Пассажиры «Последнего троллейбуса»

Евгений Каменькович любит ставить не ведомые театру тексты, а в случае с Фридрихом Горенштейном еще и следует за Петром Фоменко, который первым поставил в театре его «Детоубийцу» («Государь ты наш, батюшка»). Именно Фоменко несколько раз приносил Евгению Каменьковичу пьесу «Волемир» (она была написана по заказу Юрия Любимова, только что возглавившего Театр на Таганке), и тот каждый раз возвращал, признаваясь, что не знает, как ее ставить. Пока однажды количество возвращений к этому названию (скопившиеся машинописные экземпляры этой пьесы) не переросло в качество – премьеру.
Плановик горкомхоза Волемир Потапович (Томас Моцкус) вроде бы и пополнил собой великие ряды «маленьких человеков» русской литературы, но стоит в них особняком.

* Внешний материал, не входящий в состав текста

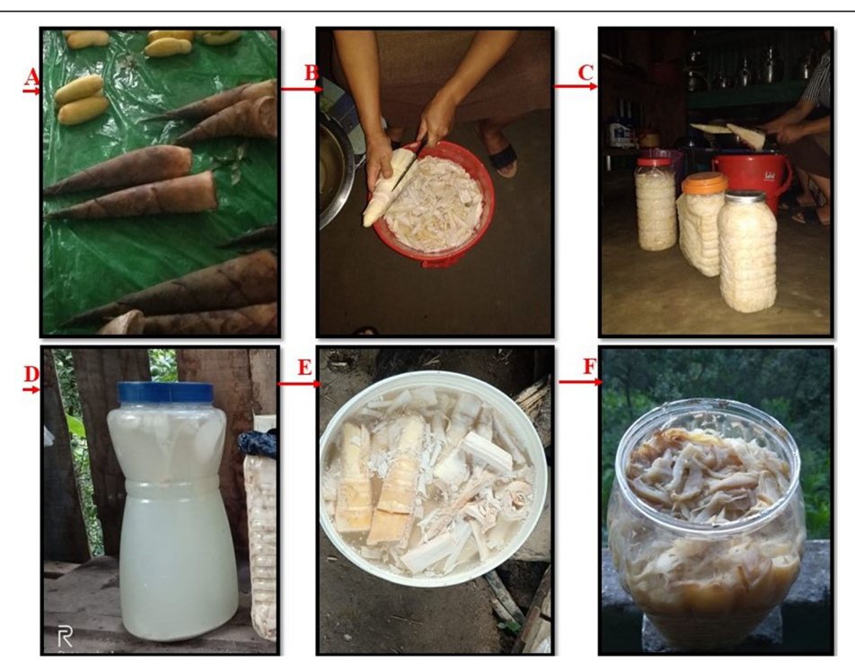
Fig. 4 Kechuihia is made from fresh tender bamboo shoots. a Tender bamboo shoots are collected from the forest, and sheaths are removed and washed with water. b The washed bamboo shoots are sliced into pieces. c The sliced bamboo shoots are transferred to containers, with little amount of water, containers are covered and kept for a week. d Once the bamboo shoots are fermented, juice is transferred to a different container. e After filtrations of juice from the fermented shoots, the shoots are transferred back to the container. f Fermented shoots are ready to use in vegetable and non-vegetables curryThe second type of fermented bamboo shoot is called kechui-nnang (Fig. 5). The collection of bamboo shoots for making kechui-nnang happens in the first week of August and ends in the first week of September. In the process, the grown shoots are collected with the help of hook or by chopping off from middle then remove sheaths, shoots are washed with water and cut into two equal sizes (vertical), and put in a conical bamboo basket lined with banana leaves. After the equal size of the shoots is put in the basket, the outer layer is covered with banana leaves and place two-three stones on top. Then, the bamboo basket is tied to the post. Fermentation of bamboo shoots may take 20 or more days. In the case of former (kechuihia), both juice and shoots are eaten while in the latter case, only shoots are taken but it can sustain throughout the year. Both types of fermented bamboo shoots are cooked with both vegetables and meats. Most importantly, preparing with pork is one of the most popular dishes among the Zeme.

Atungbou Journal of Ethnic Foods (2020) 7:41 Page 6 of 9
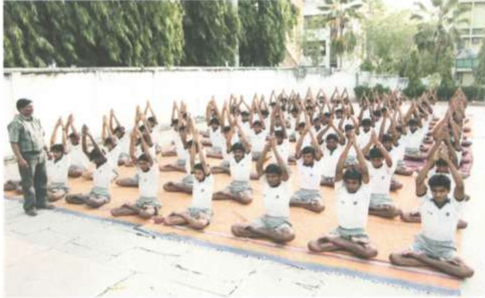
श्री. हनुमान व्यायाम प्रसारक मंडळातर्फे आयोजित शेतकरी युवक प्रशिक्षण शिबिरातील युवक, योगाचे प्रशिक्षण घेतांना
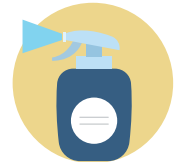
Disinfect frequently touched objects
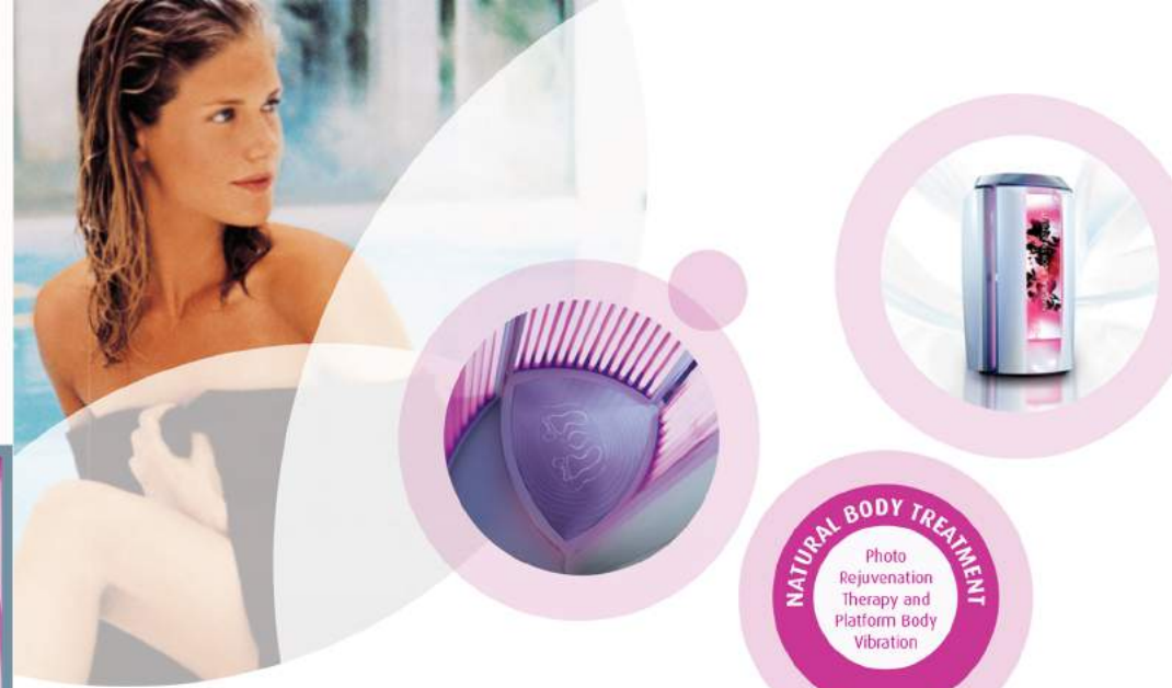
PHOTO REJUVENATION THERAPY
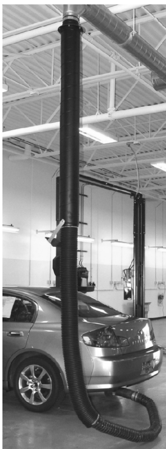
Car in service bay with telescoping drop in extended position and attached to vehicle.
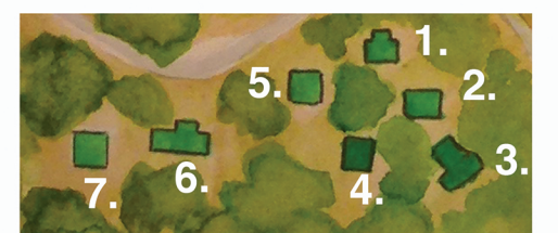
1. Fair Village Cabins
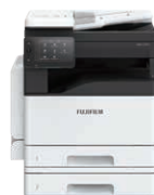
With Tray Module
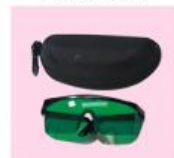
Laser safety glasses 1
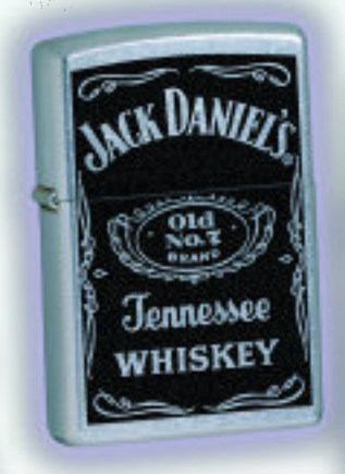
21043 Jack Daniels Label
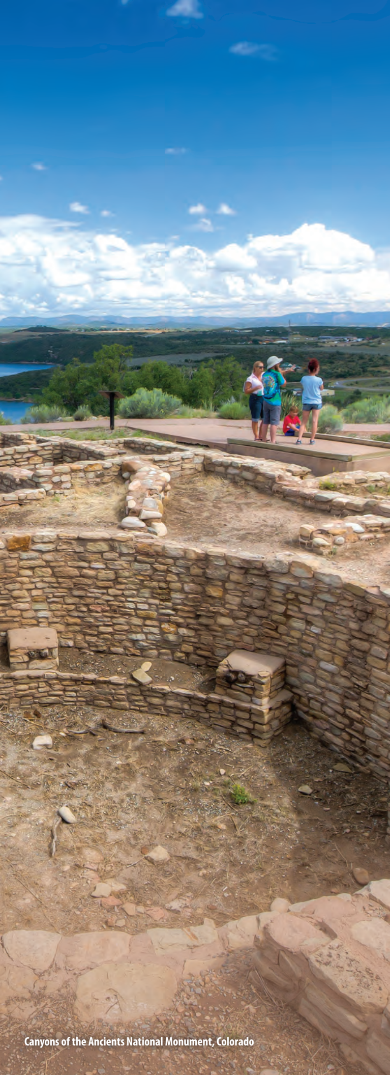
Canyons of the Ancients National Monument, Colorado
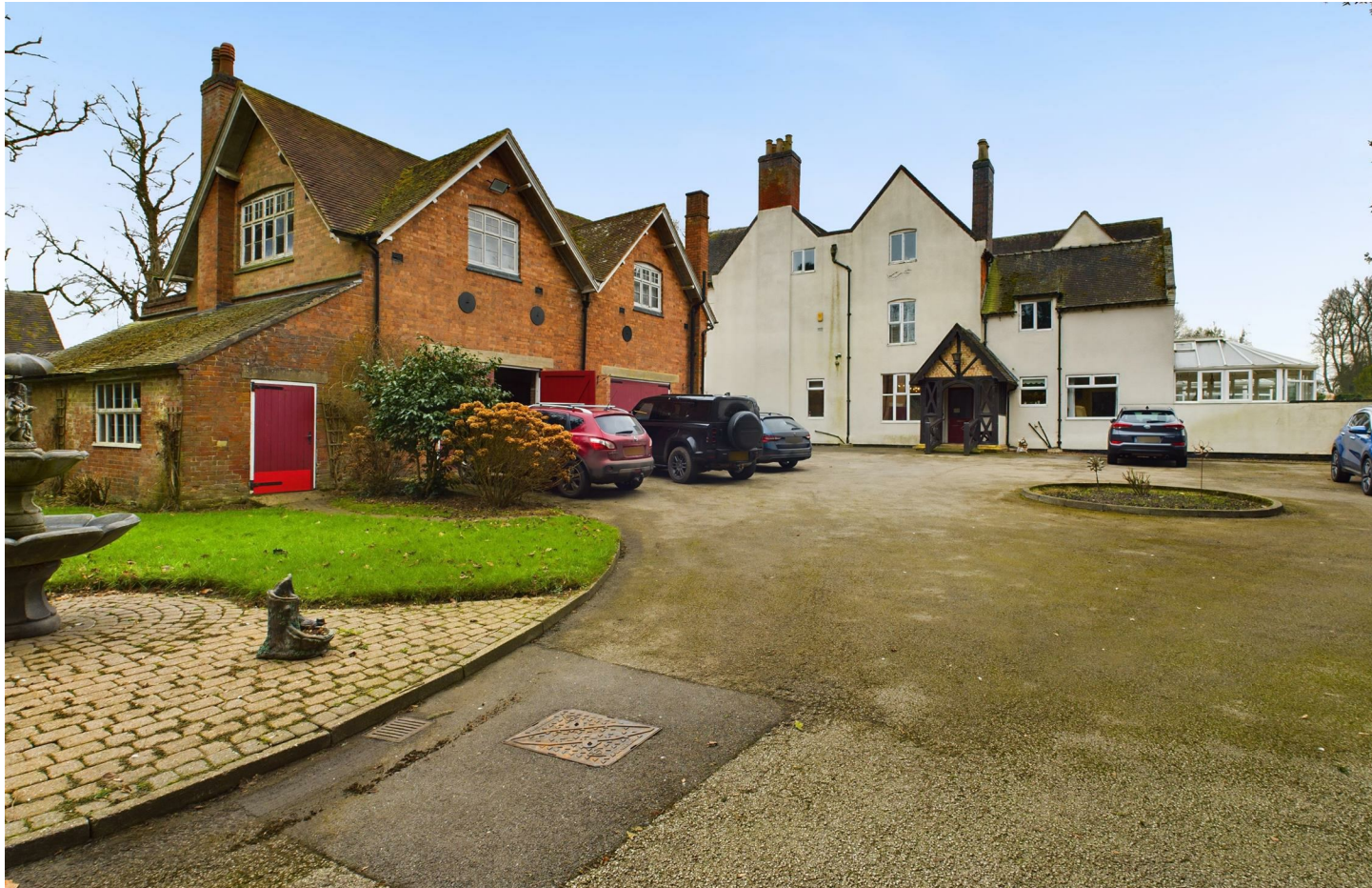
Lullington Hall, Coton Road, Lullington

A rare and prestigious opportunity, Lullington Hall is a historically significant and imposing country residence situated at the heart of the picturesque village of Lullington. This remarkable property exudes period charm, showcasing an abundance of original character features and offering over 6,000 sq. ft. of accommodation within the main house.
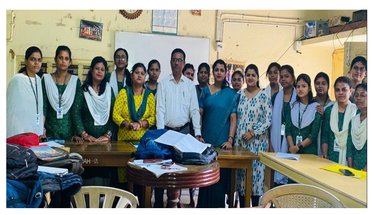
Field Internship at OMRAH, Cuttack of P.G. 2<sup>nd</sup> year students
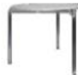
C8E – Round Aluminum & Plastic Table Low $85
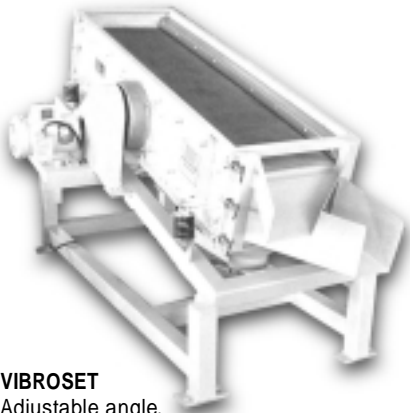
VIBROSET Adjustable angle, speed and stroke
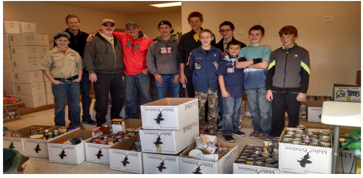
Boys Scout Food Drive
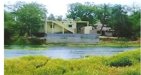
Encroachment of river Salandi

Salandi Sanskar Project, one of the eight projects test checked, basically a flood protection scheme of river Salandi, a part of integrated Anandpur Barrage Project was approved by Planning Commission in October 2003 at an estimated cost of ₹ 99.14 crore for completion by 2007-08. Project provided for raising and strengthening of embankment over a length of 67.4 km by 1.22 m over the maximum water level, widening the river bed to 98 m from RD.52.80 km to RD.61.10 km and
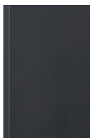
MOB: Matte Opaque Black
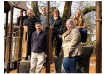
Lynnwood's History & Heritage Board visit the new playground at Heritage Park

On April 23, the City marked its 60th anniversary of incorporation with a celebration at Heritage Park that included a ribbon cutting for the new playground funded by a generous donation from the Elizabeth Ruth Wallace Living Trust. Heritage Park celebrates the agricultural, transportation and social heritage of Lynnwood from its roots in the rural community of Alderwood Manor formed in 1919. Heritage exhibits throughout the park tell stories of life in early Alderwood Manor, and its historic structures have been renovated and repurposed as community resource facilities. Currently on display through the remainder of 2019, is an 9-panel historical timeline of Lynnwood's incorporated history. The timeline is open for viewing in the Wickers Building on Tuesdays, Thursdays and Saturdays between 9am-3pm.
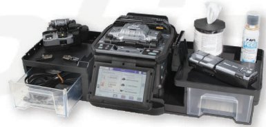
In Work Tray
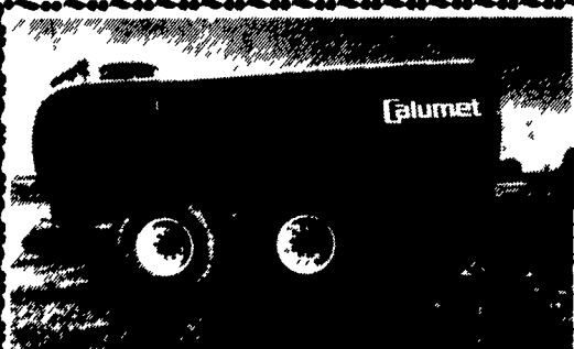
SPREADER, EXCELLENT CONDITION 50x20, 30 Ply Flotation Tires $6,400 OBO 814-632-9431

JD 4455 Cab, P/S, Loaded, Exc. Cond..... $45,000 NH 1499 haybine, 850 hrs. excellent..... $22,500 JD 40, 3pth..... $1550 JD A, good condition..... $1550 Farmall 300.... $1150 (914) 895-3995
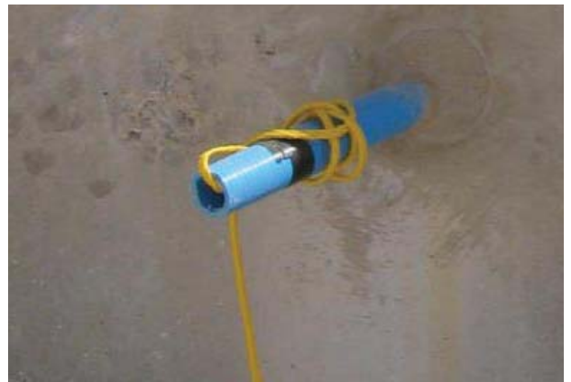
Slotted PVC conduit with a pull rope ready for the installation of the TT5000 sensing cable

TraceTek Leak Detection Systems can monitor single steel-floor storage tanks for fuel leaks in Hazardous Areas at a low install and commission cost, with no system integration requirements. A simple visual leak indicator module begins to flash when the sensing cable detects a small developing leak.
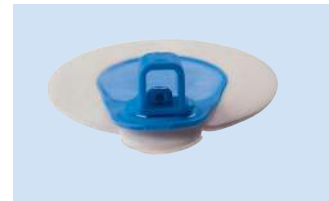
A = 4 mm fitting
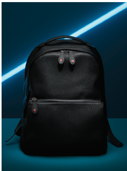
Kiton Backpack in black deerskin, $2,800; Kiton San Francisco, 207 Grant St., 415-989-7000.
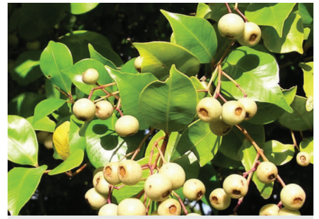
Monkey Apple Syzygium smithii (Acmena)
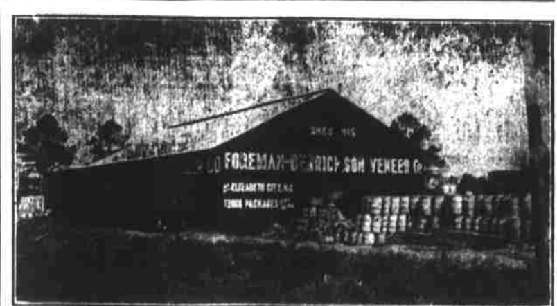
ASSEMBLING PLANT Near Norfolk Va.

SPECIALIZE— PEA BASKETS AND POTATO BARRELS
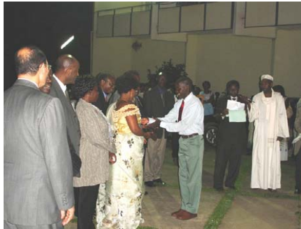
Ministers shake hands with winner before receiving the award

ticipation in environmental issues on the Nile, fostering cooperation and
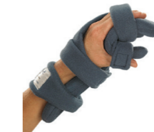
Rolyan Hand Splints Various sizes available
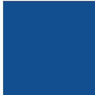
Dark Blue 21-T009-03
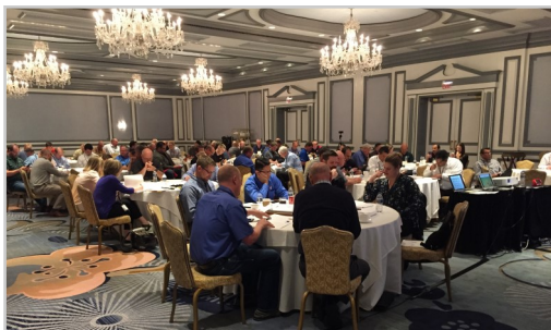
Great Information (Spring 2017)

DRESS: ITPA fall events are business casual. Dinners are semi-formal.
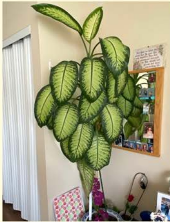
Heidi's Tissue holder (top) and Tropic Snow Dumb Cane ( Dieffenbachia seguine ) (left)
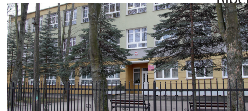
POLISH SCHOOL IV Liceum im. K. K. Baczynskiego
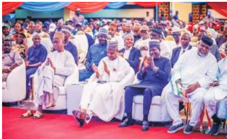
DG PCC, Rt. Hon. Simon B. Lalong and Organised Labour applauding to the speech by the APC Presidential candidate
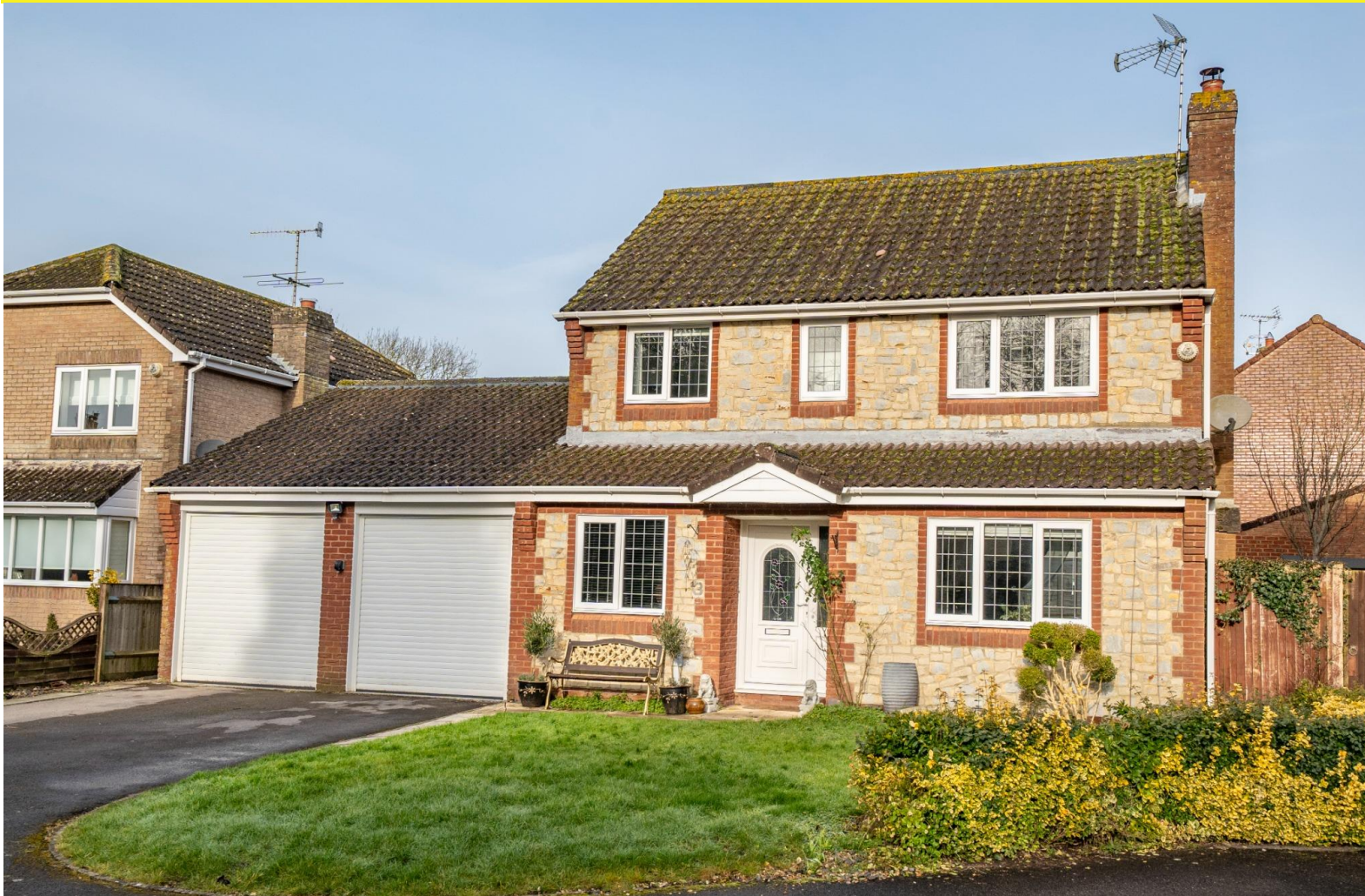
Manor Bridge Court, Tidworth Guide Price £475,000 Freehold
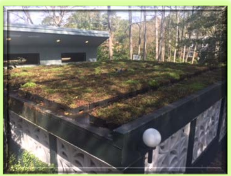
Rain Garden, Virginia Beach VCAP

The Districts completed 30 projects in Virginia Beach and Chesapeake on Impervious Surface Removal, Permeable Pavement, Rain Gardens ,Dry Wells, and a Green Roof were approved For a combined dollar amount of $ Funding is provided through The Virginia Association of Soil and Water Conservation District (VASWCD).
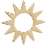
Spur Pin 18mm diameter | gold plated butterfly back
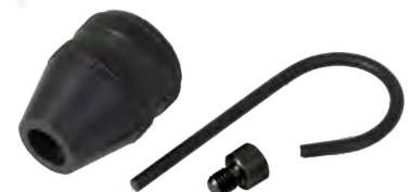
Small Chuck 1,5-8 mm. Art. no. KJ203

Dust Extractor with Extendor, enable dustfree woodworking. The transparent Extendor can be formed according to need. Small Chuck, 1,5-8 mm, is included in KIRJES Flexible Shaft. The smaller overall size makes the work easier.
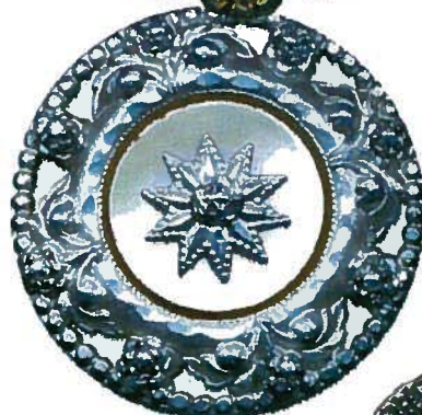
White metal with a pierced plant life border.
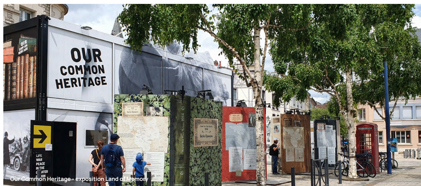
Our Common Heritage - exposition Land of Memory

A website presents the exhibition's dates and locations. The public can submit their own photos of the period for possible inclusion in the exhibition. > See the agenda
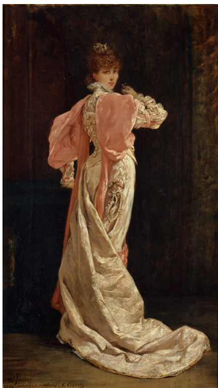
Georges Clairin, Sarah Bernhardt in the role of Dona Maria de Neubourg, in Ruy Blas by Victor Hugo, 1879, oil on canvas, Comédie-Française, Paris
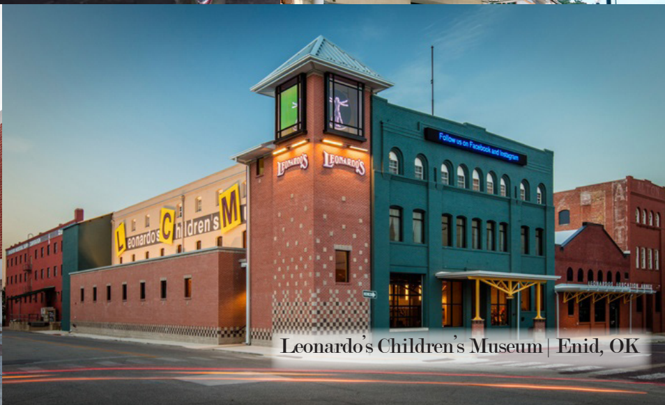
Leonardo's Children's Museum | Enid, OK
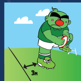
Ball into touch Defensive team back 5m
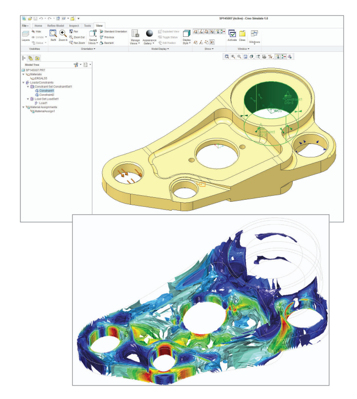
Setting up analysis constraints is fast and easy.

Он и жертва, и какой­то фаустов перевертыш: вечно хочет блага и часто совершает невольное зло. И подсудимый, и следователь, проводящий над собой следственный эксперимент, и судья себе самому. Косноязыкий философ, собиратель камней, по которым ступала обожаемая жена Лиза (Наталья Мартынова), и разрушитель семьи, пленивший истомившуюся по любви жену соседа (Галина Кашковская и Иван Верховых), в сатиновых трусах по колено и шляпе­котелке. В этом нелепом и щемящем треугольнике есть некая «идиотская» достоевщинка (разве что советский Рогожин вместо денежных пачек соблазняет свою королеву кредитами на холодильник и стиральную машину).
Квартирка, обклеенная газетами (кажется, что ее целиком можно скомкать и выбросить), кредитный холодильник «ЗИС», в котором мерцают звезды, пляжная котлетная «Якорь», где фреска Микеланджело «Сотворение Адама» соседствует с бахромой объявлений и картонными фигурами для моментального фото – трухлявый, расползающийся по швам советский быт, сквозь который просвечивает бытие. Место встречи (да что там встречи – нерушимого союза, скрепленного хоровым пением бардов) жены и разлучницы, математика Прорезинера (Сергей Якубенко) и отставного энкавэдэшника (Степан Пьянков), на которого «в тридцать восьмом был записан наган и шелковая веревка для связывания», и прочих антиподов.
Советский морок, абсурд, наваждение мало вяжутся с расхожим представлением об оттепели 1960­х (именно к этому времени относится действие пьесы), но «Волемир» точно ведет нас в чулан повеселевшего дома, где спрятаны все «скелеты» – страхи, тоска, неприкаянность человека советского, который никуда из нас не делся.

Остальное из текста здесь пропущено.